INPUT DATA Block Start

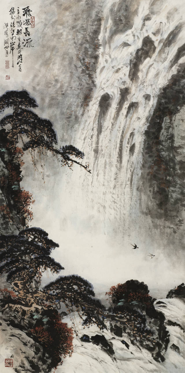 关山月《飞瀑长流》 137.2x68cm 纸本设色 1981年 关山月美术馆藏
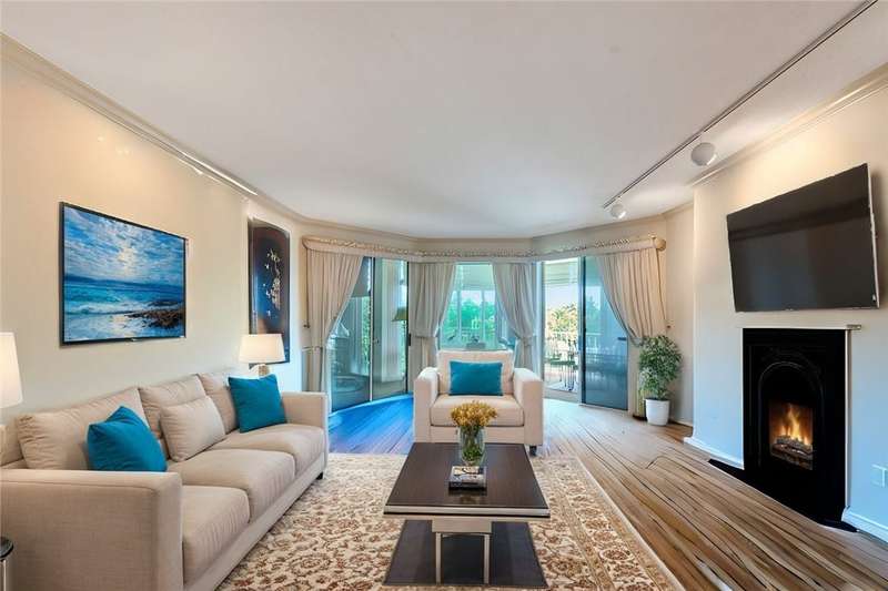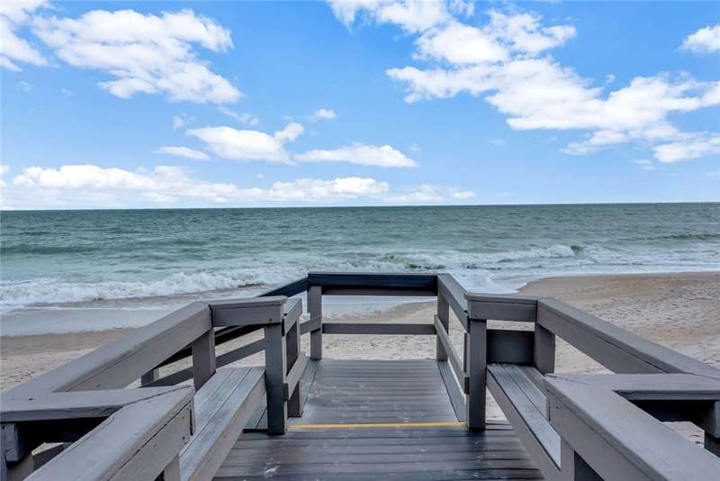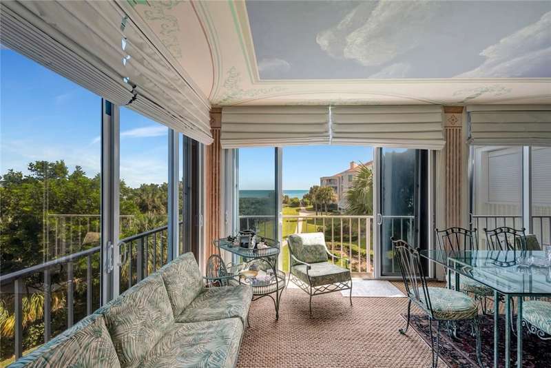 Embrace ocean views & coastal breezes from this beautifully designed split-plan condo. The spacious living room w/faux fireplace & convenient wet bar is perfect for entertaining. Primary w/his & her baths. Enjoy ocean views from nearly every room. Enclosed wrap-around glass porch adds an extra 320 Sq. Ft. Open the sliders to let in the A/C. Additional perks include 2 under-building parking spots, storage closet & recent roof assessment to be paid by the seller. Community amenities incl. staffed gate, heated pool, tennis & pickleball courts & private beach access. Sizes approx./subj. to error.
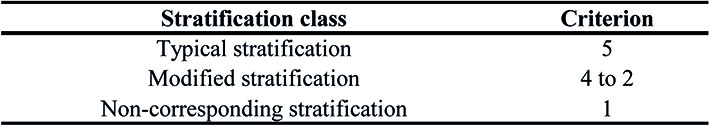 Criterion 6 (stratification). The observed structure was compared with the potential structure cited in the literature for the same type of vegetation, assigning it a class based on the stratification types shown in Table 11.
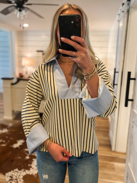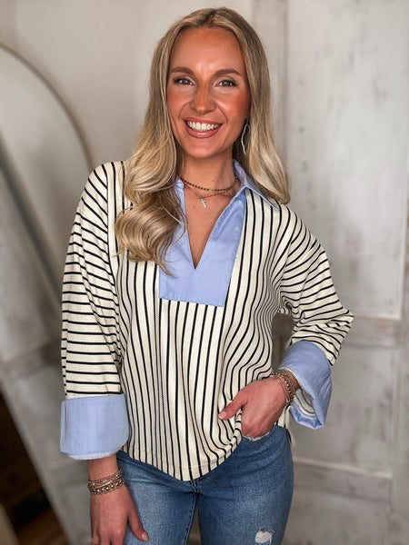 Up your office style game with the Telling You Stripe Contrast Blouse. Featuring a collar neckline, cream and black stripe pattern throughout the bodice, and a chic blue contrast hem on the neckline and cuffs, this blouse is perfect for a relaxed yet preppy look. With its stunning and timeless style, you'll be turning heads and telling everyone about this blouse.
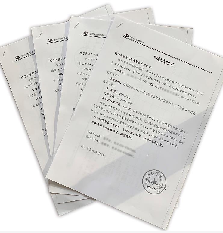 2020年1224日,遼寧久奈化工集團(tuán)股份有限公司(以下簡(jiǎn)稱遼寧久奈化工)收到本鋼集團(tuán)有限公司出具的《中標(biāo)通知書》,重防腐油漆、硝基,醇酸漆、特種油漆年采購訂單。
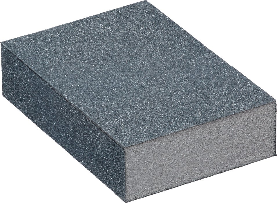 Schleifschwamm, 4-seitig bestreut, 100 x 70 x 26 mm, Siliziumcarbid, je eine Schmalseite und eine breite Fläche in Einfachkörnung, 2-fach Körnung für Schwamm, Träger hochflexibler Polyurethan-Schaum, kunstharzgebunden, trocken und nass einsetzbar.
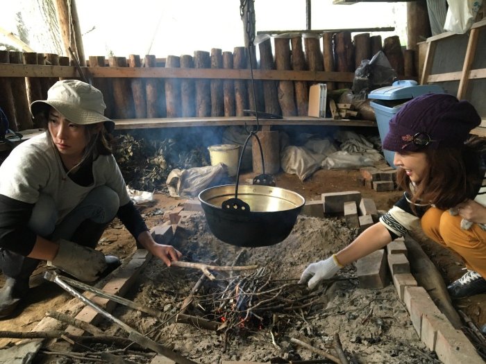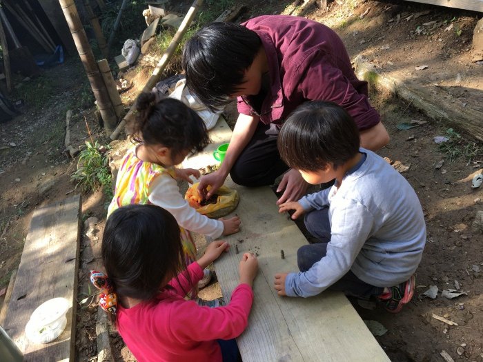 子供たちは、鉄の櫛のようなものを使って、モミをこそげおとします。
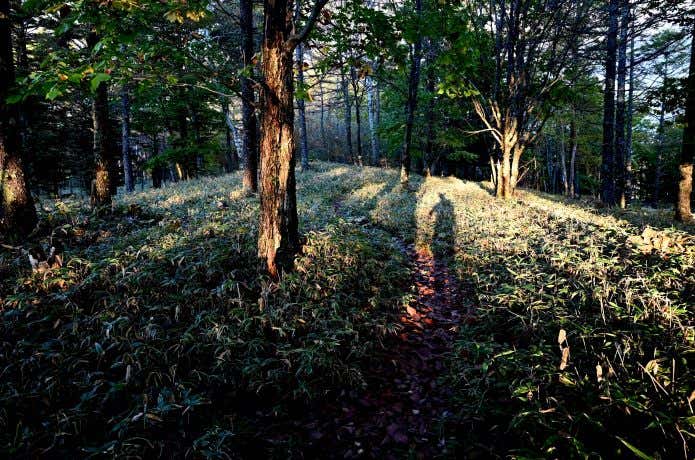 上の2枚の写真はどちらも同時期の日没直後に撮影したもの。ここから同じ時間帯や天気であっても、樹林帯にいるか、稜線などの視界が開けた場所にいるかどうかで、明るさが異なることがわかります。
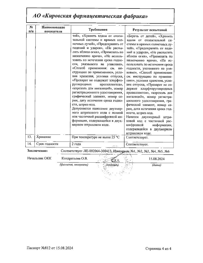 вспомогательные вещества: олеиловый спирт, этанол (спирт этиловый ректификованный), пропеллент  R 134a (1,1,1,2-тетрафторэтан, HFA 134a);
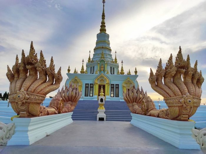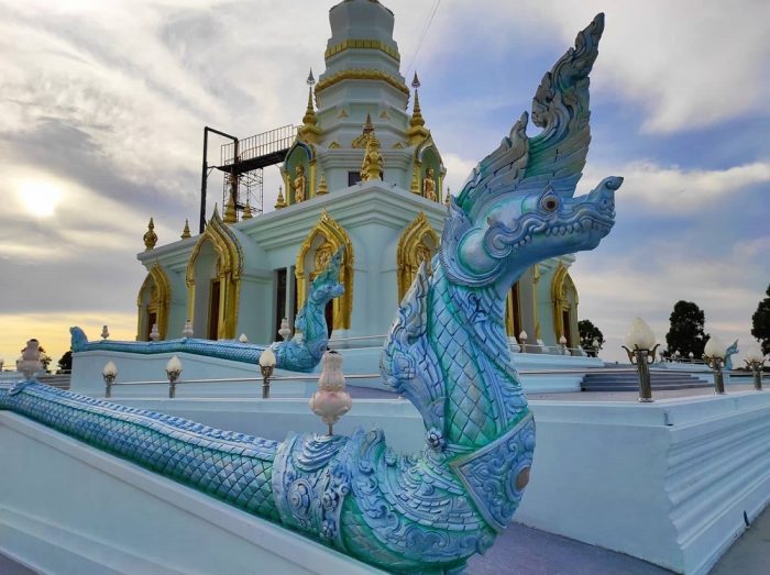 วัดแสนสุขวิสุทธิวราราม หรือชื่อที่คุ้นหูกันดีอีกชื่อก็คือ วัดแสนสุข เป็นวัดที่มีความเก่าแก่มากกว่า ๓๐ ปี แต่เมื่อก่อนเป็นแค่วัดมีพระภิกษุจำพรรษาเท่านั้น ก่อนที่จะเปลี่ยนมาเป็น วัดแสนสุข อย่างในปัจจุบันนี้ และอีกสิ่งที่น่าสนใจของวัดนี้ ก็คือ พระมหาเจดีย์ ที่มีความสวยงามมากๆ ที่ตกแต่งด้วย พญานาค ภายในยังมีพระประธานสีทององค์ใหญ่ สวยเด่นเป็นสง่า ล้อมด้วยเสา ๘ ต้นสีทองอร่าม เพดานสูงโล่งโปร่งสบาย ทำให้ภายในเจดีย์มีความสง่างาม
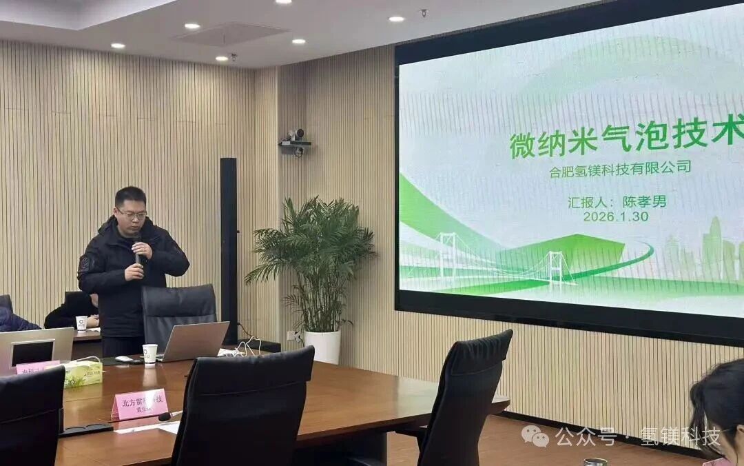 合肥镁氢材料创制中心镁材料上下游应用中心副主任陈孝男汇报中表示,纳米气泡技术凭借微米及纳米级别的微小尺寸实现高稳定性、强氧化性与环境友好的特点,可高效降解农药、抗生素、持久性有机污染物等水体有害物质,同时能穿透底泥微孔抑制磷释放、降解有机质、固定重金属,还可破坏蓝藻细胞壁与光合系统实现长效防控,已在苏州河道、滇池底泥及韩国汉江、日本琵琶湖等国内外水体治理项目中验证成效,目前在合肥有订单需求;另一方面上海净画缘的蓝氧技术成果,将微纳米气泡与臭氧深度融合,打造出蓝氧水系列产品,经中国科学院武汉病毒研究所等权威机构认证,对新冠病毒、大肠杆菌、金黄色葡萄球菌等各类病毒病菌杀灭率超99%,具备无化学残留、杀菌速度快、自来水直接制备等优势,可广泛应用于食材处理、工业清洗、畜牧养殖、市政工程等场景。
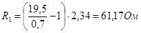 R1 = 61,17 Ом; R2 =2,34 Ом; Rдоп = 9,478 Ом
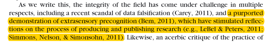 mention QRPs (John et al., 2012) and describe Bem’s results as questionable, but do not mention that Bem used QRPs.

INPUT DATA Block End

REQUIRED ACTION: The lines to copy exactly start with the line above that has "Criterion 6 (stratification)." and go on through the line that has "วัดแสนสุข เป็นวัดที่มีความเก่าแก่มากกว่า ๓๐"; please include both, add nothing else, and omit the pictures.

ANSWER BELOW:
 Criterion 6 (stratification). The observed structure was compared with the potential structure cited in the literature for the same type of vegetation, assigning it a class based on the stratification types shown in Table 11.
 Up your office style game with the Telling You Stripe Contrast Blouse. Featuring a collar neckline, cream and black stripe pattern throughout the bodice, and a chic blue contrast hem on the neckline and cuffs, this blouse is perfect for a relaxed yet preppy look. With its stunning and timeless style, you'll be turning heads and telling everyone about this blouse.
 2020年1224日,遼寧久奈化工集團(tuán)股份有限公司(以下簡(jiǎn)稱遼寧久奈化工)收到本鋼集團(tuán)有限公司出具的《中標(biāo)通知書》,重防腐油漆、硝基,醇酸漆、特種油漆年采購訂單。
 Schleifschwamm, 4-seitig bestreut, 100 x 70 x 26 mm, Siliziumcarbid, je eine Schmalseite und eine breite Fläche in Einfachkörnung, 2-fach Körnung für Schwamm, Träger hochflexibler Polyurethan-Schaum, kunstharzgebunden, trocken und nass einsetzbar.
 子供たちは、鉄の櫛のようなものを使って、モミをこそげおとします。
 上の2枚の写真はどちらも同時期の日没直後に撮影したもの。ここから同じ時間帯や天気であっても、樹林帯にいるか、稜線などの視界が開けた場所にいるかどうかで、明るさが異なることがわかります。
 вспомогательные вещества: олеиловый спирт, этанол (спирт этиловый ректификованный), пропеллент  R 134a (1,1,1,2-тетрафторэтан, HFA 134a);
 วัดแสนสุขวิสุทธิวราราม หรือชื่อที่คุ้นหูกันดีอีกชื่อก็คือ วัดแสนสุข เป็นวัดที่มีความเก่าแก่มากกว่า ๓๐ ปี แต่เมื่อก่อนเป็นแค่วัดมีพระภิกษุจำพรรษาเท่านั้น ก่อนที่จะเปลี่ยนมาเป็น วัดแสนสุข อย่างในปัจจุบันนี้ และอีกสิ่งที่น่าสนใจของวัดนี้ ก็คือ พระมหาเจดีย์ ที่มีความสวยงามมากๆ ที่ตกแต่งด้วย พญานาค ภายในยังมีพระประธานสีทององค์ใหญ่ สวยเด่นเป็นสง่า ล้อมด้วยเสา ๘ ต้นสีทองอร่าม เพดานสูงโล่งโปร่งสบาย ทำให้ภายในเจดีย์มีความสง่างาม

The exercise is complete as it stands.